The transmission of the flavivirus Zika (ZIKV) was initially described as occurring solely through the bite of infected adult female mosquitoes of the genus Aedes. From its discovery in 1952 and the first confirmed human case in 1954 [19] until 2007, confirmed cases of ZIKV infection from Africa and Southeast Asia have been rare [12]. The first widespread epidemic was in 2007 in the Micronesian island of Yap, and there was no evidence of direct human-to-human transmission during this outbreak [8].
However, data collected during the 2015 ZIKV outbreaks in South America (the largest in history) shows the presence of Zika virions in the semen of some infected males, even several weeks after the likely time of disease exposure [17]. Moreover, several cases of ZIKV infections were documented outside the epidemic area, especially in the United States, that could be explained only through sexual contacts with partners that had travelled to Zika-infected areas [10]. Male-to-female sexual transmission of ZIKV has been clearly established, even when the ZIKV-infected male is asymptomatic [3], and there was a (single) well-documented case of female-to-male sexual transmission in the USA [6].

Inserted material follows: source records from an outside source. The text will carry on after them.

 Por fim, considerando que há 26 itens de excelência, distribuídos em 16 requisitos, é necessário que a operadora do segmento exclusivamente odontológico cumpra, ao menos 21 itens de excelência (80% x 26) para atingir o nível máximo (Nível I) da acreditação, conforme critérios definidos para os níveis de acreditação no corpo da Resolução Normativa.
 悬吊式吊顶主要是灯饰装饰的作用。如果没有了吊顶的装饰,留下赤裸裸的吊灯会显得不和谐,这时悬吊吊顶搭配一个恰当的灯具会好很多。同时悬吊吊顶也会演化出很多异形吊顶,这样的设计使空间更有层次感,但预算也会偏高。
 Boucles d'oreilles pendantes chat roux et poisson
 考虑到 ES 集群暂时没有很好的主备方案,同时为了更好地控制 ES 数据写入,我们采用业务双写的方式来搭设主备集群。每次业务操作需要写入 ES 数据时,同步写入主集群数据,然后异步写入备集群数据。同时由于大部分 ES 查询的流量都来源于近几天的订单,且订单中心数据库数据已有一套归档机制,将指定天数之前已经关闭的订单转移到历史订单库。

Still, the general understanding in the epidemiological community is that transmission through infected mosquitoes is dominant in sustaining the Zika epidemic [1, 20]. Correspondingly, mathematical models being proposed for the Zika epidemics (see, for instance, [9, 14, 22]) generally do not incorporate sexual transmission, mostly for mathematical tractability and lack of reliable data (see however [18]).

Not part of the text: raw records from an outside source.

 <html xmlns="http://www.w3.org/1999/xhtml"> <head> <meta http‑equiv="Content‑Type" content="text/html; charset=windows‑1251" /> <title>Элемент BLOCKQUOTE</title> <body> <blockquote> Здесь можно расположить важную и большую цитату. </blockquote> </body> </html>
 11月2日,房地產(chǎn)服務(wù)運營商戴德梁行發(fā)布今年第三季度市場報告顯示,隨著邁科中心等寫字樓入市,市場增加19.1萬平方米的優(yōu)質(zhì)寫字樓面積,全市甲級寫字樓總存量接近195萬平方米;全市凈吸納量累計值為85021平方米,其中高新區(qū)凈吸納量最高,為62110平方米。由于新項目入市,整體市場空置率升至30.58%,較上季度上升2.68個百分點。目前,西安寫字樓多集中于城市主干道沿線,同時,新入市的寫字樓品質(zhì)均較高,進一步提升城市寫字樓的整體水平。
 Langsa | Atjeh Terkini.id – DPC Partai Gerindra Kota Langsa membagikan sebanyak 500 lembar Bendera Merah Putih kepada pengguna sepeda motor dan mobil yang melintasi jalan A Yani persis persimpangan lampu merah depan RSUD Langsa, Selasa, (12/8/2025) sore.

However, recently, Coelho et al. [5] suggested instead that sexual transmission may have a much greater role than previously envisaged. Their argument is based on the much larger number of cases of ZIKV reported among women than among men, even after correcting for the bias due to the systematic screening of pregnant women. They argue that the disproportionately large number of infected women can be explained by the fact that male-to-female ZIKV transmission is much larger than the female-to-male transmission in sexual contacts (thereby implying that sexual transmission has, all along, been an important factor in the spread of the Zika flavivirus).

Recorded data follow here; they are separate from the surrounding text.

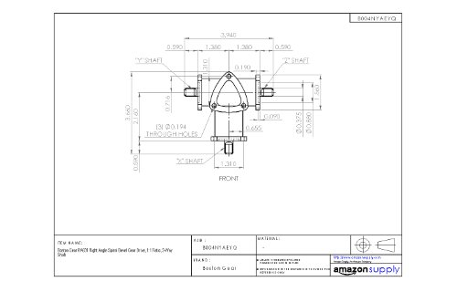 Boston Gear RA631 Right Angle Spiral Bevel Gear Drive, 1:1 Ratio, 3-Way Shaft
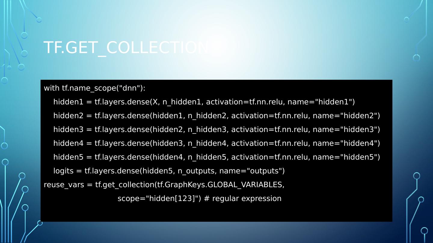 28 .Tf.get_collection with tf.name_scope (" dnn "): hidden1 = tf.layers.dense(X, n_hidden1, activation=tf.nn.relu, name="hidden1") hidden2 = tf.layers.dense(hidden1, n_hidden2, activation=tf.nn.relu, name="hidden2") hidden3 = tf.layers.dense(hidden2, n_hidden3, activation=tf.nn.relu, name="hidden3") hidden4 = tf.layers.dense(hidden3, n_hidden4, activation=tf.nn.relu, name="hidden4") hidden5 = tf.layers.dense(hidden4, n_hidden5, activation=tf.nn.relu, name="hidden5") logits = tf.layers.dense (hidden5, n_outputs , name="outputs") reuse_vars = tf.get_collection ( tf.GraphKeys.GLOBAL_VARIABLES , scope="hidden[123]") # regular expression
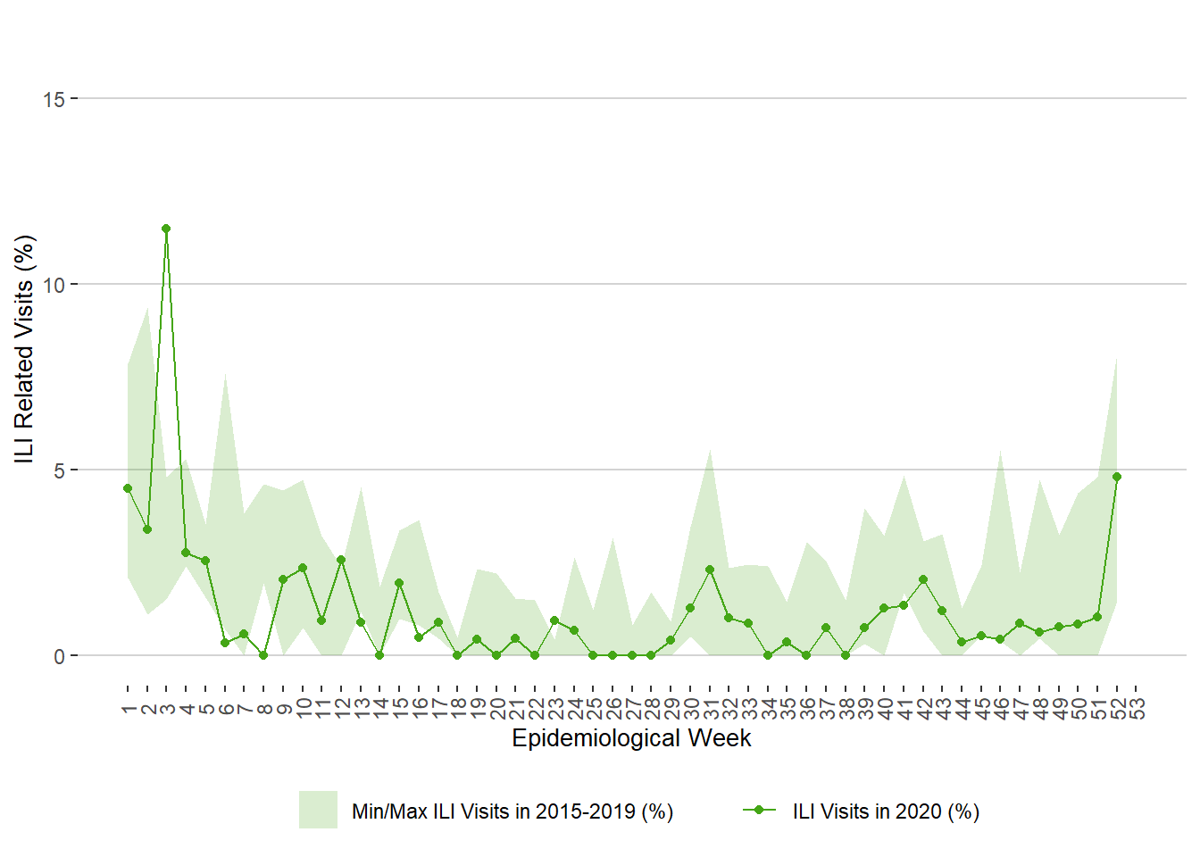 Figure 11. Weekly Percentage of ILI Related Visits to Sentinel Physicians, Manitoba, 2017 – 2020

It is quite possible that the significant gender disparity in reported cases is due to a higher attention (of the public health agencies, and of the general public) to ZIKV infection in women, including those that are not pregnant but of child-bearing age. We do not intend to discuss this specific issue, as we have no data or direct information source to assess it. Rather, we ask the question of what can be theoretically inferred about the relevance of different transmission modes on unequal prevalence amongst the sexes and how such relevance can be determined from epidemic data, assuming that they have been collected without bias (or that existing biases have been removed).
In the next section, we examine a simple Kermack-McKendrick type [13] deterministic model for ZIKV dynamics that only accounts for heterosexual transmission. In this simple context, we are able to derive a relation between sex-biased transmission of the infection and sex-biased incidence. This model is further extended to also allow for direct transmission of ZIKV (as a proxy for vector-borne transmission), to study how sex-biased incidence depends both on sex-biased infectiousness and on the relative importance of heterosexual transmission. Finally, we consider a model with vector transmission. Although this final model represents a major simplification of the reality of vector-based transmission of ZIKV, it still poses major challenges in deriving analytical expressions for theoretically measuring the impact of such transmission mode. Thus, we perform some numerical simulations to see whether the conclusions obtained in the case of direct transmission also hold in that case.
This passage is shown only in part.